18.10The Minister then reports that:
- during the most recent political trilogue, on 14 November 2016, the European Parliament and the Council reached an “in principle” agreement on the proposed Regulation;
- the Government considers that this agreement is adequately balanced and delivers both its objectives and priorities, such as a ban on external sponsor support; and
- this “in principle” agreement also improves on the General Approach in some areas—notably the Government secured significant progress on two of the UK’s key negotiating interests, these are removal of a sunset clause on the LVNAV model and removal of a requirement for 80% of a public debt CNAV to be invested in EU debt by 2020.
18.11The Minister explains these two developments from the trilogue discussions as follows:
The sunset clause on the LVNAV fund structure
- under the European Parliament’s draft text, LVNAV funds would be automatically de-authorised and retired from the market five years after the adoption of the proposed Regulation;
- this clause could, however, be deleted if the findings of a Commission review, conducted in the fourth year after the adoption of the proposed Regulation, were that the structure could mitigate financial stability risks;
- as part of the “in principle” agreement, the sunset clause on the LVNAV fund structure has been removed; and
- this development is aligned to the General Approach, which does not include a sunset clause, and also with the Government’s objectives;
The requirement for 80% of a public debt CNAV to be invested in EU debt by 2020
- under the European Parliament’s draft text, EU domiciled public debt CNAV funds would only be able to invest in limited amounts of third country denominated currencies (for example US dollars);
- any restriction of investment to EU debt is counter to the Government’s negotiating objectives;
- as part of the “in principle” agreement, the implementation of a requirement for 80% of a public debt CNAV would be dependent on the outcome of a Commission review, to be undertaken five years after the entry into force of the proposed Regulation;
- this review would determine whether an EU debt quota is economically viable in light of the availability of short-term EU public debt instruments;
- it would also assess whether the LVNAV structure is an appropriate alternative for non-EU public debt funds, with a view to removing the public debt CNAV structure altogether; and
- the Government considers this review clause to be a good compromise, since the alternative that was being proposed would have amounted to a sunset clause on the public debt CNAV.
18.12The Minister concludes that:
- the Slovak Presidency has entered this “in principle” agreement into a silence procedure until 11.00 28 November 2016, with the intention of reaching a political agreement with the European Parliament soon afterwards;
- as the agreement is in line with UK objectives and priorities, the Government does not intend to break silence;
- the Presidency will then seek to present a compromise text at COREPER as soon as possible after the deadline to break silence elapses; and
- for this reason asks us to clear the proposal from scrutiny.

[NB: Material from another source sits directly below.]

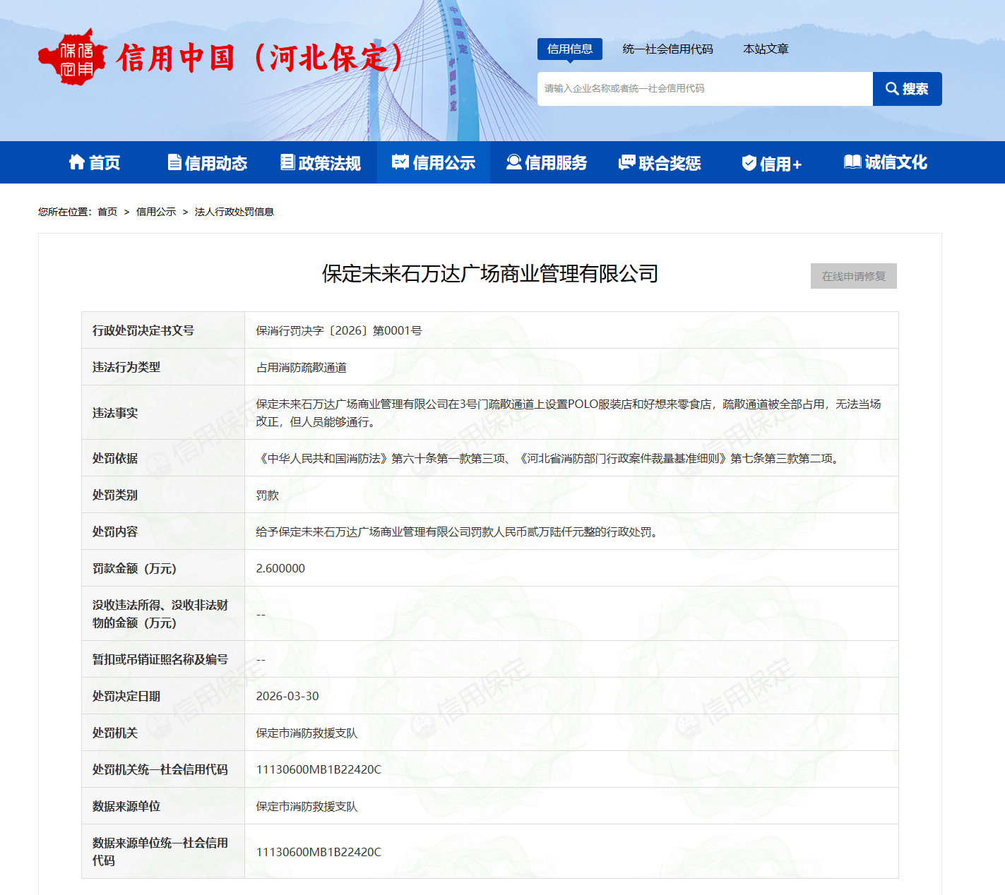 据信用中国(河北保定)官网公示信息,2026年3月30日,因占用消防疏散通道,保定未来石万达广场商业管理有限公司被保定市消防救援支队处以罚款2.6万元。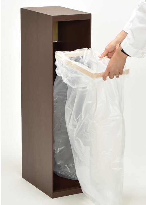 表面からはゴミ袋が見えない設計になっています。また後ろからゴミ袋を設置するので、ペットや小さいお子様のいたずらを防止してくれます。また容量は30Lですが、45Lのゴミ袋を取り付けることができるので、しっかりゴミを回収することができます。

Previous Committee Reports
Thirteenth Report HC 71-xi (2016–17), chapter 7 (12 October 2016); Fourth Report, HC 342-iv (2015–16), chapter 7 (16 September 2015); First Report HC 342-i (2015–16), chapter 31 (21 July 2015); Thirty-seventh Report HC 219-xxxvi (2014–15), chapter 1 (18 March 2015); Thirty-second Report, HC 219-xxxi (2014–15), chapter 11 (4 February 2015); Fifteenth Report HC 219-xv (2014–15), chapter 9 (22 October 2014) and Nineteenth Report HC 83-xviii (2013–14), chapter 12 (23 October 2013).